All in, either will work fine, but IMO if you have the coin, go for the TLD, you won't be disappointed!


----------



## SurfRunner (May 22, 2004)

Its my opinion that your gear is too big for jacks. A perfect set up for jacks would be a reel with 14 lb. test on a brekaway 10.6. I have an Abu 6500 on one of these rods and its a perfect set up for casting large spoons and fighting jacks. 

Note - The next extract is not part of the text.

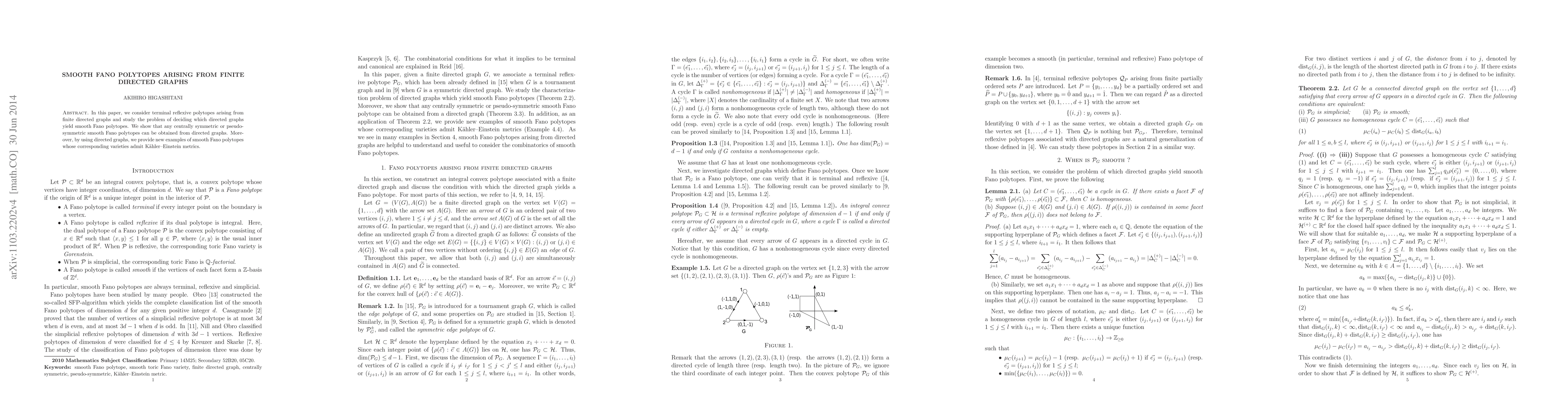 This paper investigates terminal reflexive polytopes derived from finite directed graphs, focusing on identifying which graphs produce smooth Fano polytopes. It demonstrates that centrally symmetric or pseudo-symmetric smooth Fano polytopes can be constructed from directed graphs and presents new examples of such polytopes corresponding to varieties with Kähler-Einstein metrics.

It sounds a little on the light side for some people but that will whip one down fairly quick on the beach.


----------



## justletmein (Feb 11, 2006)

My favorite rig for Jack and similar sized game is my 12' Tica rod with Penn 525 Mag on it. It can sling bait with the best of them or launch Spoon'R lures a mile. I've brought them in on my Abu 6500 as well on an 8' American Rodsmiths surf rod and it handled them well.


----------



## Mustad7731 (May 23, 2004)

*Medium Surf Rig*

justinn;
I tend to agree with the last 2 replys. Most newcomers tend to go too heavy for
surf fishing. The Penn 525 mag or 535 will do nicely, if you have that much $$$ to
spend or pickup any number of reels with 225yd to 300yd of 30 mono. Try to stay
with a brand name... As for rods I'd go with a 9' to 10.5' with conventional [small]
eyes and a +2' handle that handles 20lb-40lb line.
That rig will handle 99% of the stuff that will pick up your bait within 100yds of the
beach...And You will Have a B L A S T catching them...The 4/0 you mentioned would
just winch stuff in...Not a lot of fun...
My $0.02
Mustad7731
Jack


----------



## justinn (Apr 8, 2011)

Ok so I'm looking at the abu 6500c3 as a casting rig for spoons. I assume you guys are talking about the 535gs for bottom surf rigs? I noticed the 535 Specs mentions 25lb mono as the high end mono at 240 yards. Would spooling it with 30 be over kill. (i have 2300 yard spool) or should I go to the 545?


----------



## justletmein (Feb 11, 2006)

justinn said:


> Ok so I'm looking at the abu 6500c3 as a casting rig for spoons. I assume you guys are talking about the 535gs for bottom surf rigs? I noticed the 535 Specs mentions 25lb mono as the high end mono at 240 yards. Would spooling it with 30 be over kill. (i have 2300 yard spool) or should I go to the 545?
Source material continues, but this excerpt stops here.